TurboQuant, HBM demand reversal, geopolitics, and glass substrates — not a doomsday scenario, but a disciplined analysis.

Series: AI Compute Supply Chain | Part 4 of 5 Author: Sinclair Huang

Four pressure vectors. Four clocks are already ticking. The question is not whether these moats will last forever — it’s whether you know which one breaks first.

I developed a habit during my years in the electronics industry that I haven’t been able to shake in research and writing: every time I become confident about something, I force myself to find the strongest argument against it.

Not to be contrarian. But because I have watched too many “certainties” fail. The internet would make physical retail irrelevant. Feature phones would always dominate. The automotive chip shortage would last until 2030. Every one of those convictions was grounded in real evidence at the time and turned out to be incomplete.

The previous three articles argued that CoWoS, HBM, and ABF substrates have deep, structural moats. This article asks the question that always comes next: where do they break?

Pressure One — Software Efficiency Algorithms: TurboQuant and the Limits of CompressionWhen Google Research published TurboQuant, markets reacted immediately. The Korean KOSPI fell as much as 3%, with memory stocks leading the decline. The algorithm’s claim — that it could reduce large language model inference memory consumption by at least 6x, with no measurable accuracy loss — triggered fears that AI memory demand would fall structurally.

My first response was to go to arXiv and read the actual paper rather than the coverage. I want to be transparent: the mathematical derivations in the Johnson-Lindenstrauss sections are above the level I can work through completely — I did not follow every step. But for supply chain implications, the experiment section is what matters, and I read carefully.

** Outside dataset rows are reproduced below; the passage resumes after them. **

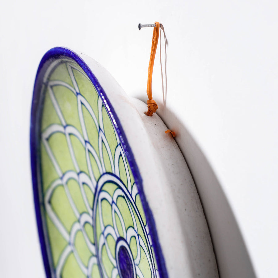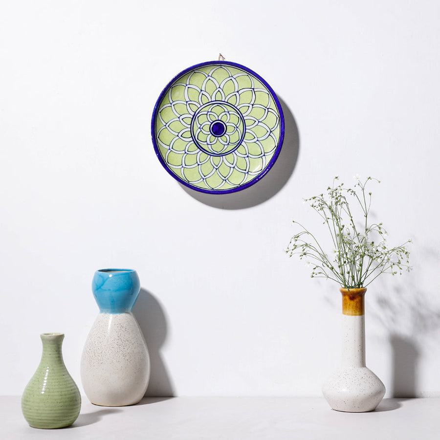 Green handcrafted blue pottery ceramic plate/wall frame. This plate/wall frame bring a dash of classical appeal to any wall decor ensemble in your home. A unique wall accent piece for your living room or bedroom it will look stunning on its own or mixed with several other designs.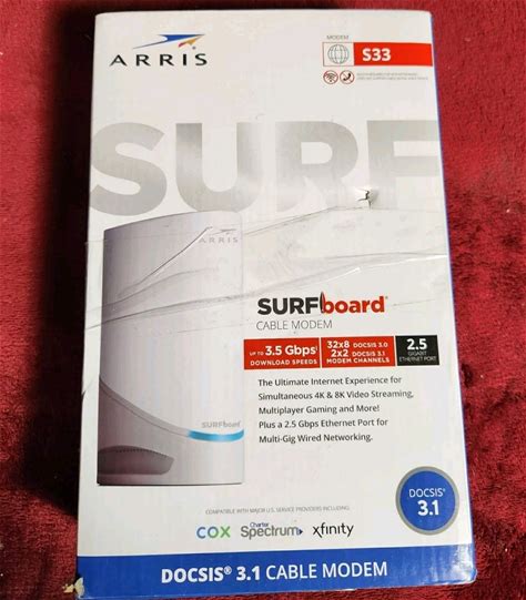 Arris Surfboard S33 32 X 8 Docsis 3.1 Multi-Gig Cable Modem With 2.5 Gbps New. ARRIS. White. Modems. 0612572216798.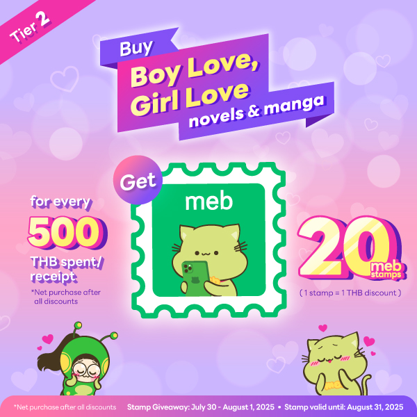 Buy Boy Love/ Girl Love novels & manga get 20 meb stamps for every 500 THB spent/ receipt (1 stamp = 1 THB discount)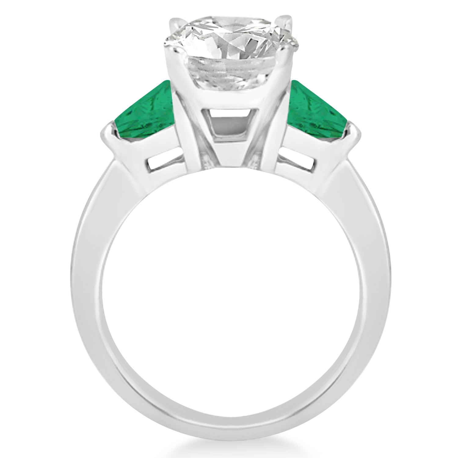 This engagement ring features two magnificent trillion cut green emerald stones, prong set, eye-clean, weighing a total of 0.70 carats. Personalize your trillion-engagement ring by choosing the cut and shape of your center stone.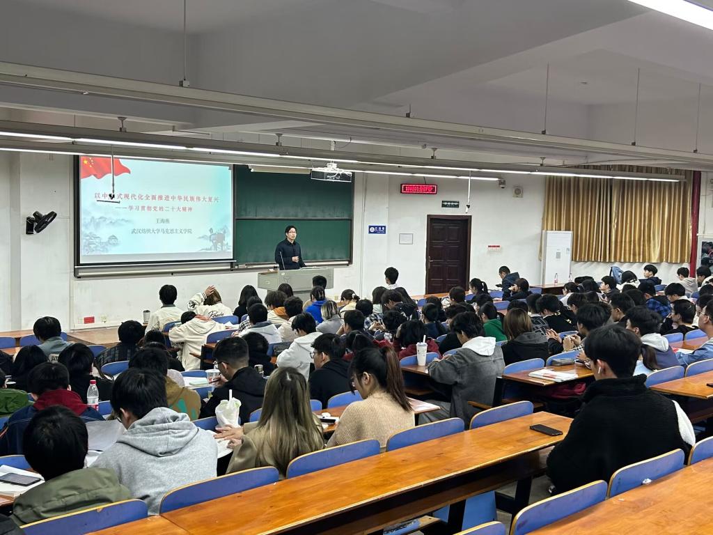 党课最后,王海燕教授号召广大青年,要认真学习领会党的二十大精神,紧密团结在以习近平同志为核心的党中央周围,高举中国特色社会主义伟大旗帜,全面贯彻习近平新时代中国特色社会主义思想,牢记空谈误国、实干兴邦,坚定信心、同心同德,埋头苦干、奋勇前进,为全面建设社会主义现代化国家、全面推进中华民族伟大复兴而团结奋斗!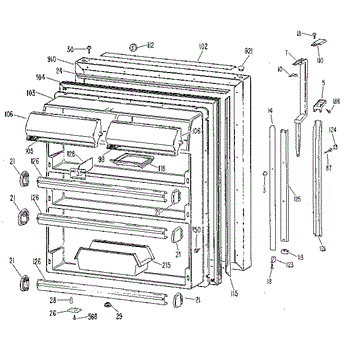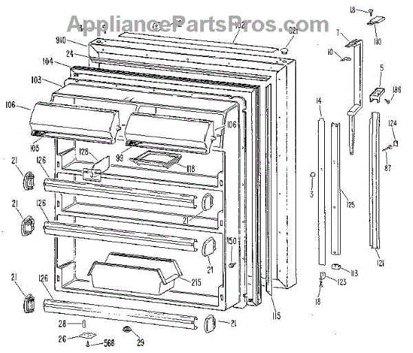 Hardware fasteners for securing refrigerator door panels and components. Includes screws, nuts, and washers for assembly. Replace missing or stripped pieces.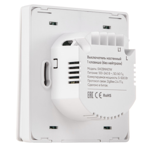 Комплектация: выключатель одноклавишный, винты,руководство пользователя – 2 шт.Умный выключатель – это надежное устройство, предназначенное длясоздания умного домашнего освещения. Выключатель выполнен в стильном,безрамочном, минималистичном дизайне, с приятным тактильным нажатиемклавиши со светодиодным индикатором. Умный выключатель предназначен длявключения и выключения освещения (лампы, светильники, люстры, LED лентыи пр.) вручную с помощью клавиши, удаленно при помощи приложения насмартфоне или с помощью голосового помощника. Выключатель HOMMYNсовместим с большинством типов ламп (накаливания, галогенные,светодиодные, филаментные). Компактный размер позволяет провести монтажв стандартный круглый подрозетник. Для подключения требуется толькопитающая линия L (фаза), а нулевая линия N (нейтраль) не требуется.Выключатель поддерживает передачу данных по беспроводному протоколуZigbee 3.0. Работает с приложениями умного дома:Hommyn, Tuya Smart life, Home Assistant, Дом сАлисой, Салют умный дом. Для подключения кприложению требуется zigbee хаб. Для подключения к приложению Hommynтребуется оригинальный zigbee хаб HOMMYN Hub HH-01. Выключатель Hommynподдерживает управление с помощью голосовых помощников Алиса,Маруся, Салют. Выбирая выключатель Hommyn, вы получаетекачественное и надежное устройство, которое повысит уровень комфортавашего жилища.Основные функциивключает и выключает освещение по клавише, через приложение или спомощью голосовых помощников Алиса, Маруся,Салют;поддерживает автоматическое управление по расписанию черезприложение;настройка памяти состояния питания после аварийного отключенияэлектричества;для подключения к электроцепи не требуется нулевая линия N(нейтраль), необходима только питающая линия L (фаза);выключатель с 1 клавишей управляет 1 группой нагрузки (например,1 лампочка);поддерживает сценарии автоматизации с другими датчиками иприборами в приложениях Tuya Smart life, HomeAssistant, Дом с Алисой и Салют умныйдом.Установка и настройкаКомпактные размеры позволяют провести монтаж в стандартную круглуюмонтажную коробку в стене. Монтаж и подключение производится всоответствии с руководством пользователя, прилагаемым к продукту.Нулевая линия N не требуется.Основные технические характеристики:Модель: 2SWZBNN01WБеспроводной протокол zigbee 3.0 (IEEE 802.15.4), частота 2.4ГГцНапряжение питания: 100 - 240 В ~; 50/60 ГцКоммутируемая мощность: до 500 Вт (резистивная нагрузка)Ограничения по минимальной нагрузке: 5 Вт.Дальность действия сигнала zigbee: до 100 м (в открытомпространстве).Диапазон рабочих температур и влажности: 0°С - +40°С,≤80%Размеры (ДхШхВ): 86х86х40 ммВес нетто: 100 гЦвет: белый Артикул товара: НС-1759514. Характеристики товара: Высота товара - 8.6. Область применения - Бытовое оборудование (для домашнего использования). Класс пылевлагозащищенности - IP20. Макс. потребляемая мощность, Вт - 500. Управление c мобильного приложения по Wi-Fi - Да. Работа по расписанию - Да. Высота упаковки товара - 11.7. Глубина упаковки товара - 10.4. Ширина упаковки товара - 9.1. Страна производства - КНР. Цвет корпуса - Белый. Бренд - HOMMYN. Материал корпуса - ABS-пластик. Срок службы - 3 года. Питание - 100 - 240 В ~; 50/60 Гц. Комплектность - выключатель одноклавишный, винты, руководство пользователя – 2 шт. Работает с HOMMYN - Да. Работает с Алисой - Да. Работает с Марусей - Да. Wi-Fi модуль - Нет. Работает с Салют - Да. Он-лайн контроль текущего

The benchmark results are concrete: on the ESM-2 650M model, TurboQuant achieved a 7.1x memory reduction, compressing the KV cache from 330MB to 46.6MB. Autoregressive decoding accuracy was nearly intact, with cosine similarity above 0.96. A Triton-based fused decode attention kernel eliminated intermediate dequantization memory allocations, delivering a 1.96x speedup for the KV fetch operation. These are real, reproducible numbers — not theoretical claims.

The keyword in TurboQuant’s achievement, however, is inference, not training.

HBM’s function is to provide extreme memory bandwidth for matrix computations — the mathematical operations that happen at every step of both training and inference. TurboQuant compresses the KV Cache: the temporary context buffer that stores attention states during inference. Compressing what gets stored in that buffer does not reduce the bandwidth requirement for the underlying matrix multiplication that generates each token. The 7.1x memory reduction is real. Its impact on HBM demand is narrow.

The market conflated NAND and HBM — two different memory types serving two different functions. NAND Flash serves as a storage buffer where compressed KV Cache data would reside; reducing that requirement has real implications for NAND demand. HBM serves the compute pipeline at the matrix operation level; TurboQuant doesn’t touch it.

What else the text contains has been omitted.